Definitely not normal where I live. That seems weird. Maybe it’s for children who have never been to nursery or pre-school?

OtterlyAstounding · 20/04/2026 07:35

fashionqueen0123 · 20/04/2026 07:19

Most of the kids at our school live within a mile or so except for a couple of kids per year who might be an extra mile away. It’s really not that bad for the teachers to go visit them in that respect. They get to see them where they feel comfortable and can speak to the parents about anything they also might feel more comfortable talking about at home.

My teacher friends may pop in for a morning to sort a classroom in the hols but not for hours. there’s no way they’d want to have 30 kids coming in.

Plus most of the kids would be on holiday themselves or parents at work. The timings would be a nightmare. Instead at our school the home visits are done over 2 or 3 days just before they start. It’s probably quite a nice change for the teachers.

The kids already get to see the classroom at stay and play sessions before the school holidays and then depending on the school they may start the first week with a part time schedule too. It’s not instead of this it’s an extra thing.

I'm not sure how the timings would be easier? Or how it's easier for 30 sets of parents to try to have a clean and tidy house for the sake of fifteen minutes' time, while they're working. When are these visits held? Late afternoons or evenings, when parents are home from work, or can arrange to get off work early? Because that seems just as impractical for the teacher as you say meeting kids after school is! And I'm not sure why having children come into the classroom by appointment one by one is so taxing or unwanted, but driving around going to 30 different houses isn't!!

Ah well, it still just seems like a way to try to intrude upon and assess a family's home to me (as pp have also said) as there's literally no other reason to do it, but as long as it's not mandatory, then I guess families who like the idea of the teacher visiting can go for for gold 😅

bohemianwrapsody · 20/04/2026 07:59

People are pretty naive if they don't think teachers are summing you up from these visits 🤣

MeetMeOnTheCorner · 20/04/2026 09:28

@fashionqueen0123 Most teachers don’t rush home and they do see new starters after school. It’s standard in many schools. They don’t incur the huge costs of home visits and supply cover. Children who are send might get a home visit but they come with professional advice too.

fashionqueen0123 · 20/04/2026 11:01

MeetMeOnTheCorner · 20/04/2026 09:28

@fashionqueen0123 Most teachers don’t rush home and they do see new starters after school. It’s standard in many schools. They don’t incur the huge costs of home visits and supply cover. Children who are send might get a home visit but they come with professional advice too.

There aren’t huge costs to home visits and they don’t need supply cover either as the kids aren’t at school yet? It’s standard here. New starters go in in July they don’t need to see teachers after a school day.

kscarpetta · 20/04/2026 11:21

It's common, and it's optional.

I had them for my children starting nursery and school, I've also done them as a nursery teacher.

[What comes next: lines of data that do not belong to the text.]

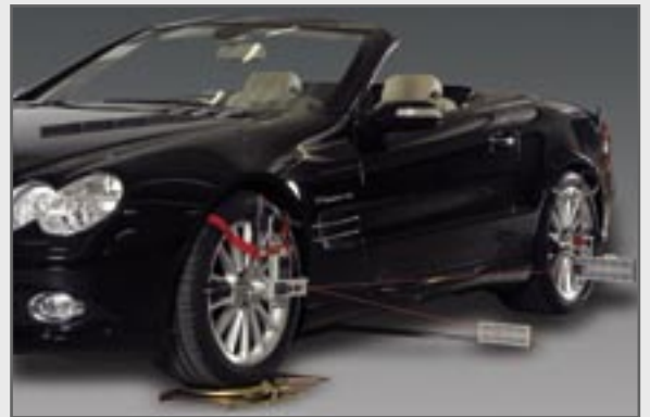
KPKW-30 adapter set for the measurement of cars and vans
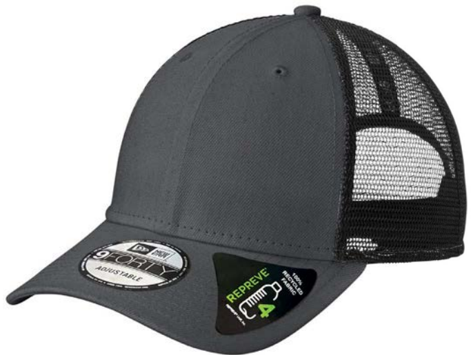
New Era® Recycled Snapback Cap NE208 | 5 colors
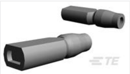
TE Part #2-180930-0 250 FASTON HSG., REC., 1 POS, NATURAL
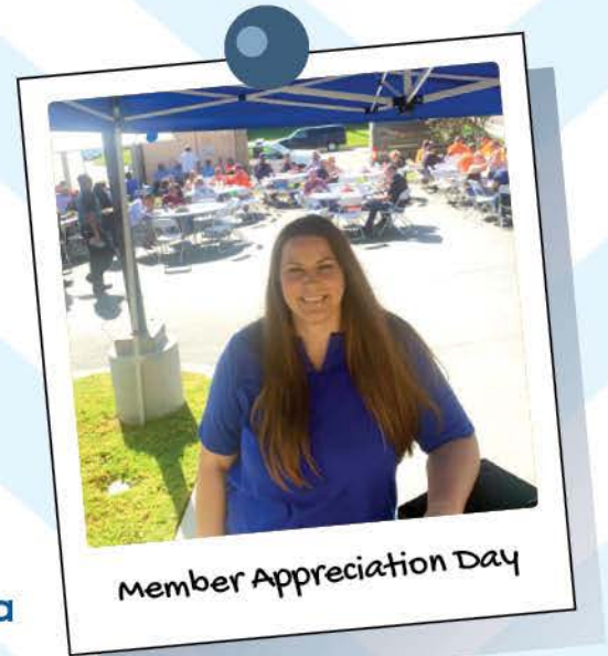
Member Appreciation Day
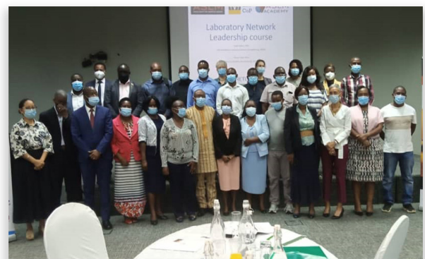
Zimbabwe's LabNetLead course participants
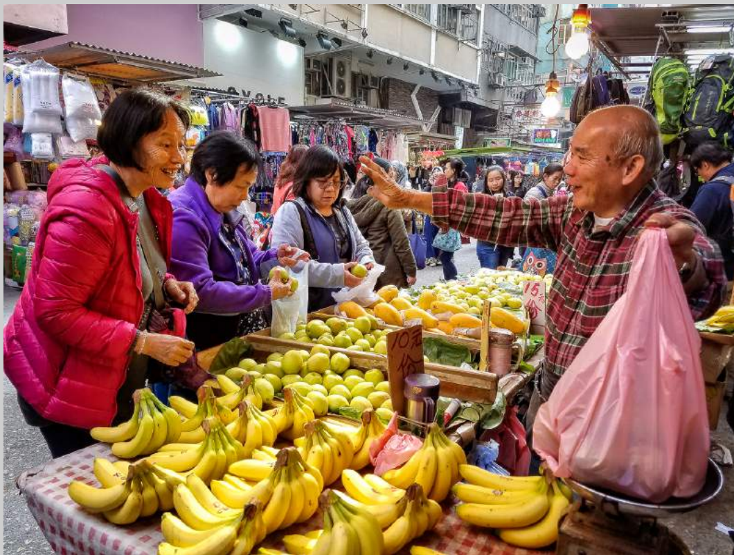
“MONG KOK STREET MARKET” © KAI HAY CLEMENT LAW 2018 Coachella International Exhibition of Photography Photojournalism General
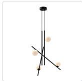
CH89832-BK/GO-UNV Black/Glossy Opal Glass
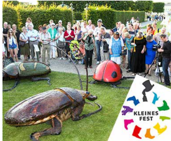
International Festival KLEINES FEST... HANNOVER Germany

It's not to check your address is in catchment
It's not to see how tidy or wealthy you are
It's not a social services check

It does give your child a chance to meet the teacher on home turf, and gives the parent a chance to discuss anything sensitive.

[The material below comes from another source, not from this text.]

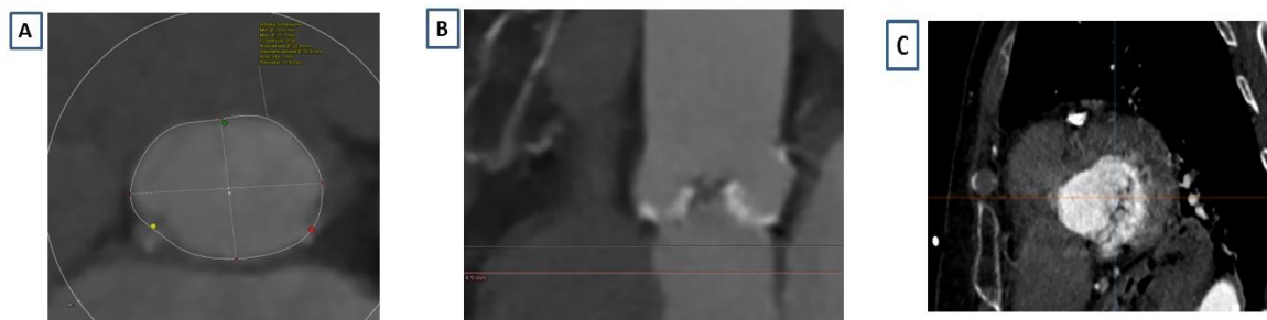
Figure [1]: Example of CT analysis of patient who did not need a PPM post-TAVI. The annular dimension CT analysis [A] with long membranous septum length [B] and no mitral annular calcification [C]
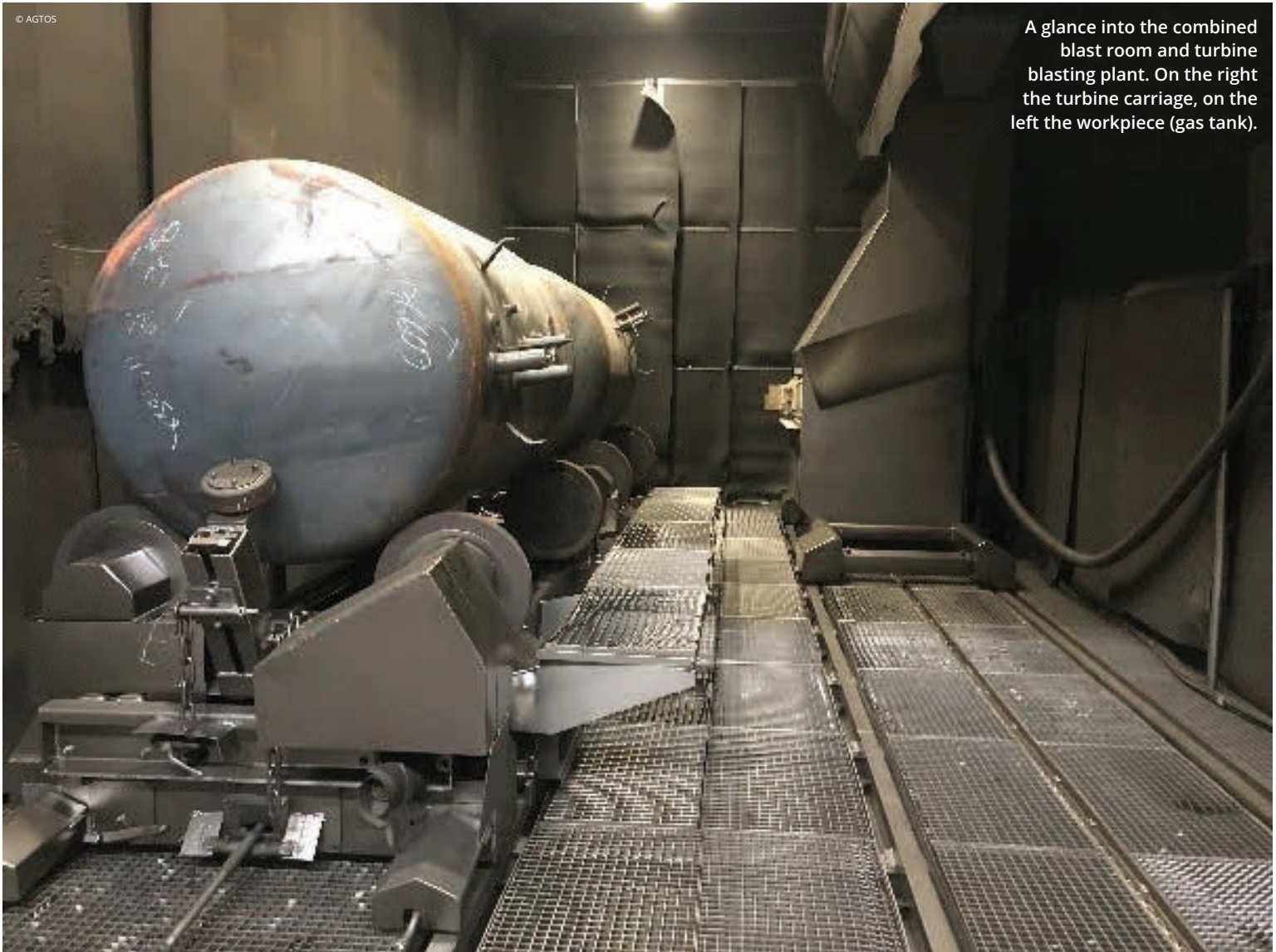
A glance into the combined blast room and turbine blasting plant. On the right the turbine carriage, on the left the workpiece (gas tank).

Of course, in addition to various product-related certifications, the company has a certified QA system according to DIN EN ISO 9001 and UM system DEN EN ISO 14001. The blasting process

Unless your house is truly disgusting (faeces on the floor etc) or there are clear safeguarding issues (drug paraphernalia on the coffee table) the teacher isn't going care that much about what your home is like 😂

kscarpetta · 20/04/2026 11:22

LastHotel · 20/04/2026 07:23

Definitely not normal where I live. That seems weird. Maybe it’s for children who have never been to nursery or pre-school?

If a school or nursery does it, they generally offer it to all children.